There is a man here in NB that uses Marvel Mystery Oil on his reels. He fishes from a boat but swears by it.

JC


----------



## billr87

when you have used an oil and you are satisfied with the results, why change?remember the old saying, if it ain't broke, why fix it.


----------



## Mark G

billr87 said:


> when you have used an oil and you are satisfied with the results, why change?remember the old saying, if it ain't broke, why fix it.

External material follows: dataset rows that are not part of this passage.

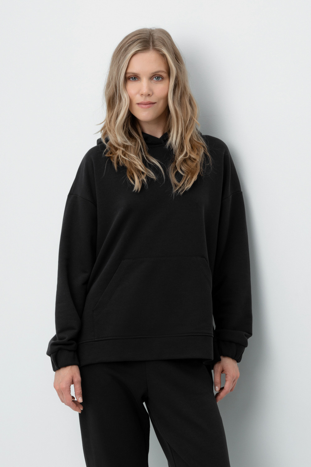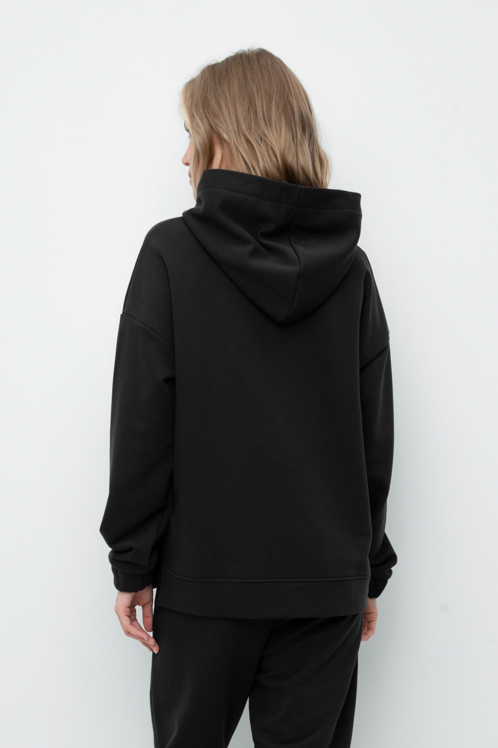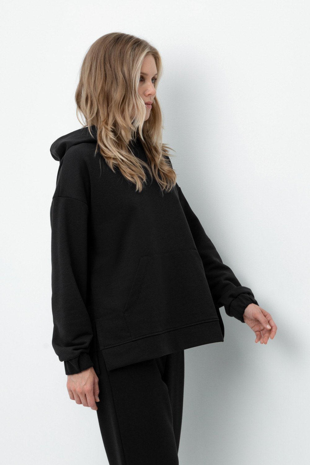 Теплая толстовка с капюшоном, карманом кенгуру и спущенным плечом из мягкого футера трехнитки. Уютный капюшон с подкладом из супрема. В боковых швах разрезы
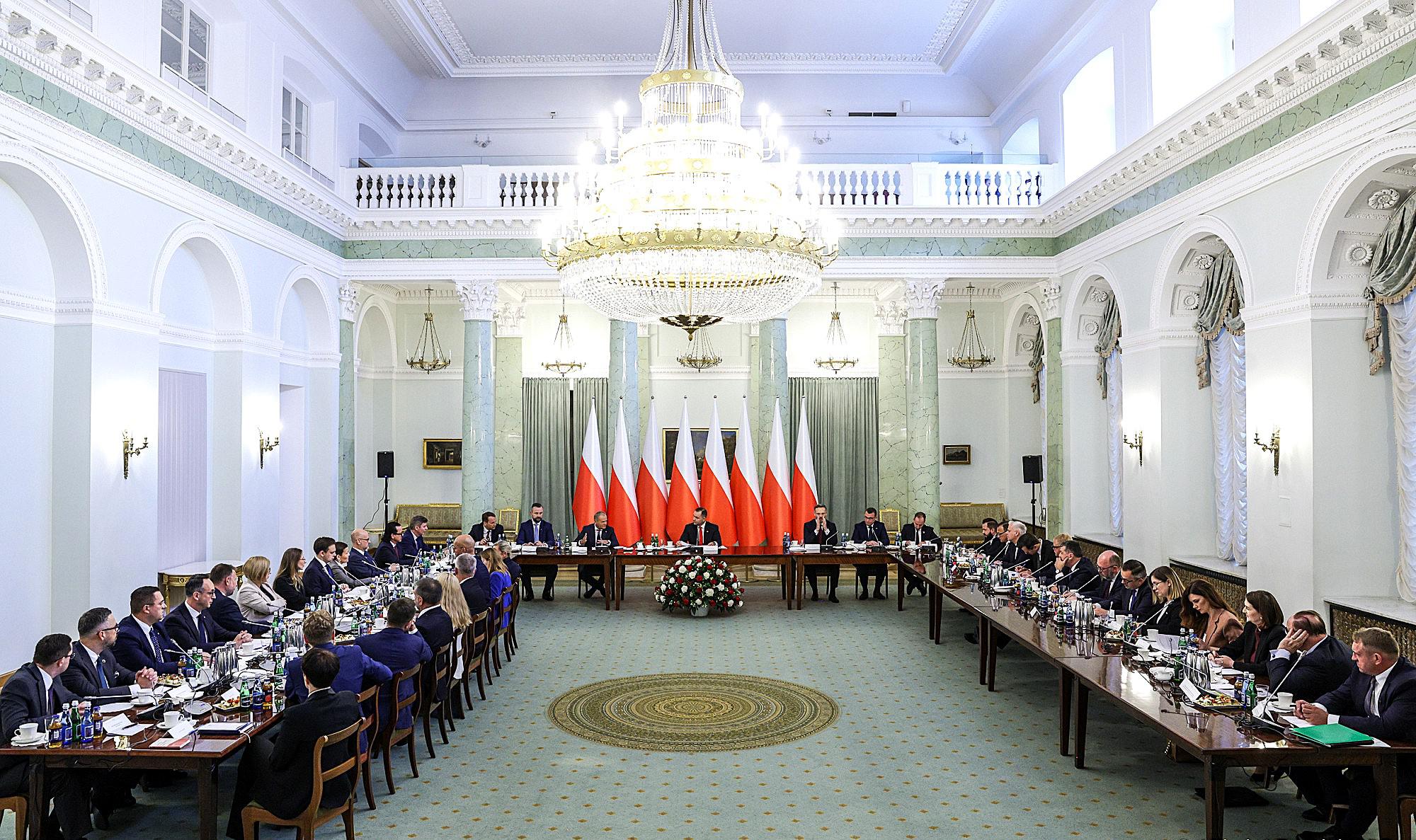 Prezydent zapowiedział, że z konstytucyjnej furtki RG będzie korzystał cyklicznie. Miejmy nadzieję, że nie częściej niż np. raz na kwartał, taką częstotliwość Polacy jakoś wytrzymają. Widać było, że Karolowi Nawrockiemu doskonale odpowiada rola nadzorcy i szefa Donalda Tuska, chociaż to jedynie iluzja sytuacyjna. Charakterystyczny był obraz RG w zestawieniu choćby z ostatnim jej posiedzeniem pod przewodem Andrzeja Dudy, z 13 lutego 2024 r. Wtedy orszak prezydencki standardowo stanowiło ścisłe kierownictwo KPRP, w tym jak zawsze szef Biura Bezpieczeństwa Narodowego. W środę obecny szef Sławomir Cenckiewicz nie został jednak delegowany – odegra pierwsze skrzypce podczas posiedzenia Rady Bezpieczeństwa Narodowego – natomiast Karol Nawrocki usadził za długim stołem łącznie aż 16-osobowy osobisty pararząd, niewiele mniejszy liczebnie od konstytucyjnej Rady Ministrów. Obecność dziesiątki powołanych niedawno doradców prezydenta można zrozumieć, ale bez żadnego trybu został do nich doproszony również Marcin Horała, poseł PiS, jako ekspert od CPK.
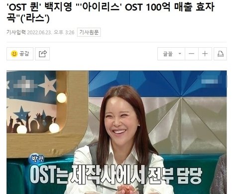 백지영은 ㄹㅇ OST 퀸이지
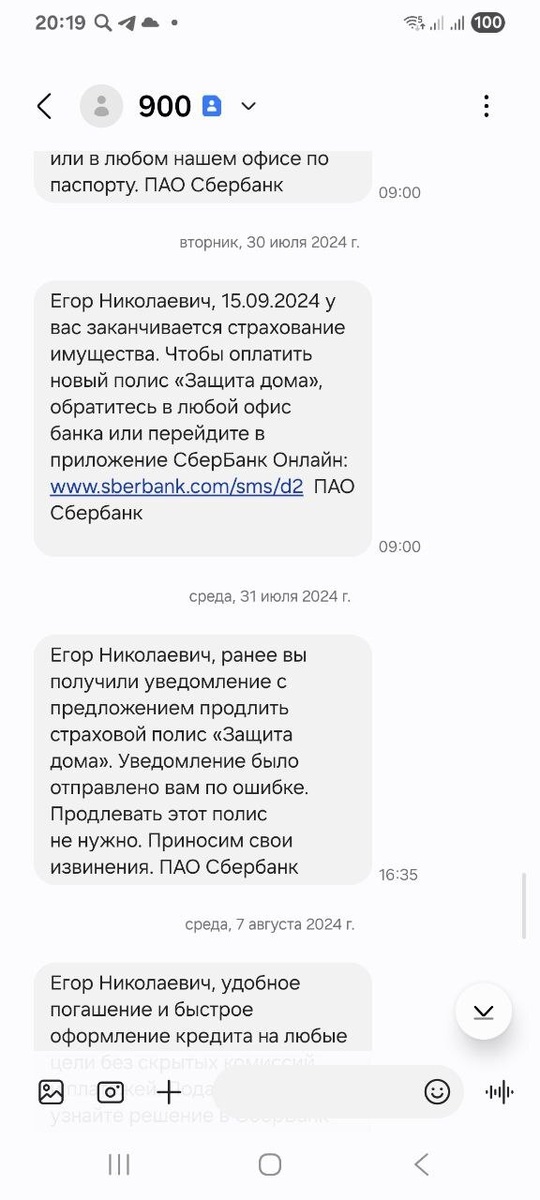 Даже после того, как я выяснил, что меня штрафуют каждый месяц на круглую сумму, никакой информации найти об этом невозможно ни в приложении Сбербанка, ни в "Домклике" (их сайте). Решил проверить сообщения с номера 900, вроде все читаю с этого номера, но мало ли что-то пропустил важного от любимого банка. Обнаруживается, что они вводили меня еще больше в заблуждение: на скрине видно, что единственное, что прислал банк по поводу страховки, — что она заканчивается, а потом что ошибка, продлевать не нужно, все ок. Банк на моих (и не только) штрафах бьет новые рекорды по выручке. Почту и "Домклик" просмотрел тоже — информации, уведомлений и просьб, что им не хватает страховки или что меня штрафуют, ничего этого нет, но и, естественно, когда звонил, банк только кредитки предлагал.
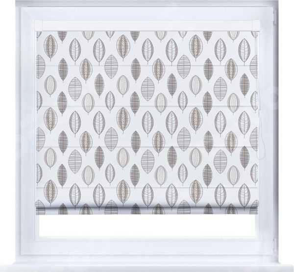 Римская штора производителя «Cortin», устанавливается на створку окна, пошита из ткани блэкаут с нанесением сублимационной печати «Кофейные листья». Штора шьётся по индивидуальным размерам, для данного типа римской шторы возможная ширина от 35 до 150 см., высота до 250 см.
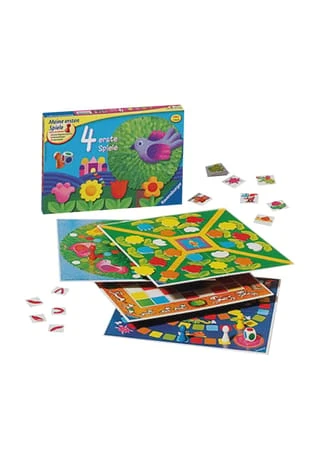 Spielesammlung mit ansprechend gestalteten Spielplänen und hübschen Motiven
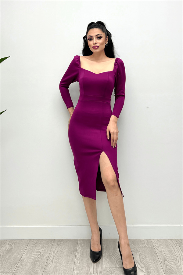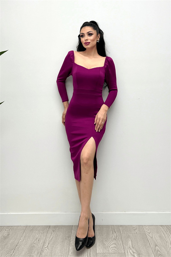 Scuba Kumaş Yırtmaç Detaylı Elbise - Mürdüm
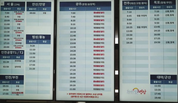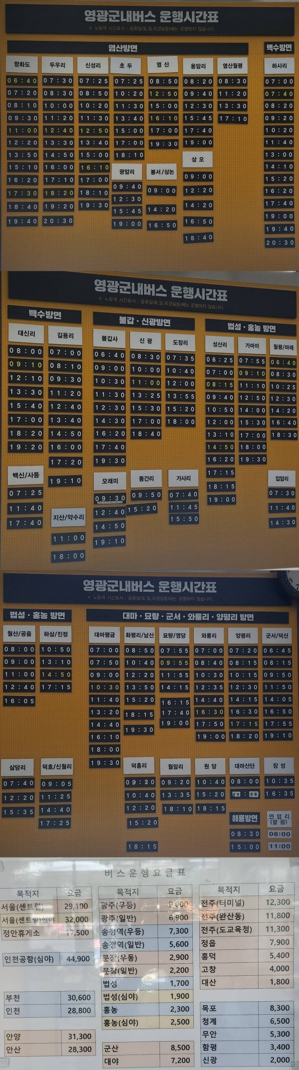 영광군 버스터미널 시간표 / 영광관내 및 서울,안양,광주,전주,목포 등 (2023년 4월 21일 기준)
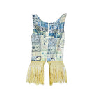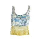 Polera, Sin mangas , Mujer, Juanita de León , Azul, Estampado rococó con flecos amarillos , M, Aesthetic
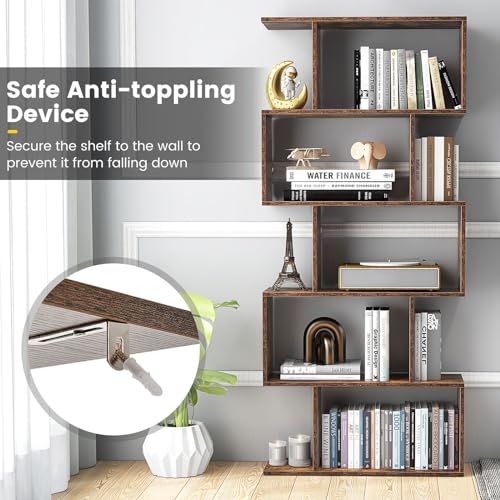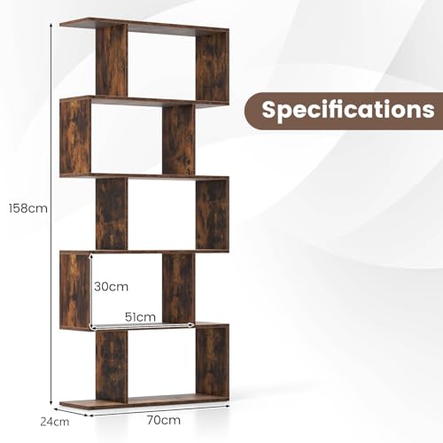 CASART 5/6 Tier Wooden Bookcase, Free Standing Shelving Stand Rack, S-Shaped Bookshelf Storage Display Unit (Brown,70 x 24 x 158cm)
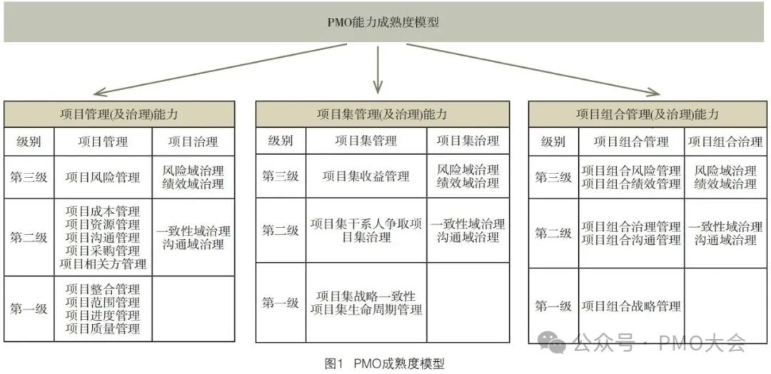 PMO能力成熟度模型将PMO的能力划分为项目管理(及治理)能力、项目集管理(及治理)能力以及项目组合管理(及治理)能力。其中每种能力都包含“管理”和“治理”两个方面。PMO既是对项目、项目集和项目组合进行管理的机构,同时也肩负着项目、项目集和项目组合治理的艰巨任务,如图1所示。
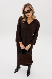 Модный ""must have"" осенне-зимнего сезона - трикотажный костюм с длинной юбкой, и эта длина - максимальна. В тандеме со слегка укороченным верхом простота и элегантность выходят на максимальный уровень. Свободный упрямлённый джемпер с заниженной линией плеча, V-образным вырезом и рукавом длиной 7/8. По горловине и низкам рукавов - отделочные полоски. Юбка макси, на притачном эластичном поясе с большими накладными карманами на переднем полотнище. Заднее полотнище с центральным швом, шлицей, талиевыми вытачками и застёжкой. Длина джемпера около 60 см, длина рукава с плечом около 68 см. Длина юбки около 90 см

The road to improvement starts with _never_ being satisfied.


----------



## billr87

viscosity is important. but, as it gets hotter the oil gets thinner, as it gets cooler it gets thicker. as these discussions go so does the manufacturers profits.


----------



## lil red jeep

thekingfeeder said:


> Now you are talking my language. I am a computer guy by trade, so when someone puts facts and figures in front of me I get all giddy. LOL That is exactly what i was hoping to find out. Is this in the bible?


Should be!!! Got my vote!


----------



## Sea Fisher

Has anybody found the shimano oil that comes with the stradics in any stores? I figure Ill have to order some more from shimano when I run out


----------



## seajay

sprtsracer said:


> but it's along the same lines. I just bought my fiancee' a sewing machine and I'm wondering about sewing machine oil. It seems like that may be a good reel oil but I don't know much about it. Anyone ever use it?


For the sewing machine 3in1 is the only thing to use. Mom uses it on all of hers.Her first industrial Singer still sews canvas and she purchased it in 1963.
As far as reels I use the blue 3in1 on the Squidder and 525.For the Blue Yonder Yellow R/F. It is more of a pesonal choice as to what oils for what reel,depending on ones ability to use the Thumb and type of reel.


----------